### Exercise
Below, locate the line that contains "обрамленные точечным орнаментом.". Repeat exactly from that line to the line that contains "- Place the", inclusive, leaving out the pictures.

### Data supplied
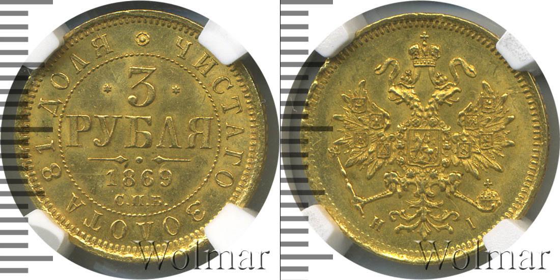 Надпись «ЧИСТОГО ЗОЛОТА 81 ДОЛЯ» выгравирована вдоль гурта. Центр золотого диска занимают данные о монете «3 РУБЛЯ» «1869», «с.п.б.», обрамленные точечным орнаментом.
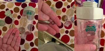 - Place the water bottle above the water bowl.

---

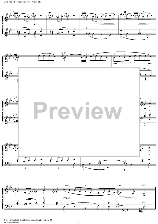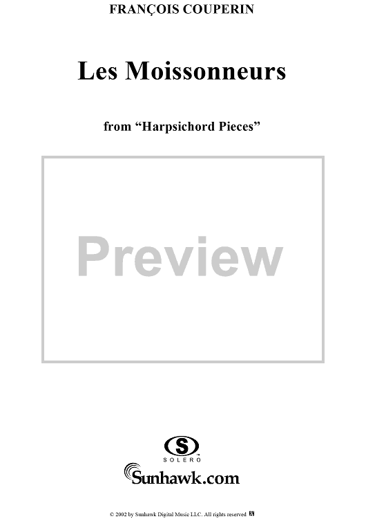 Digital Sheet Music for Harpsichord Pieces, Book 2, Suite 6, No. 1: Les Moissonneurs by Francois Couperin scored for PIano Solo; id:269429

### Exercise response
 Надпись «ЧИСТОГО ЗОЛОТА 81 ДОЛЯ» выгравирована вдоль гурта. Центр золотого диска занимают данные о монете «3 РУБЛЯ» «1869», «с.п.б.», обрамленные точечным орнаментом.
 - Place the water bottle above the water bowl.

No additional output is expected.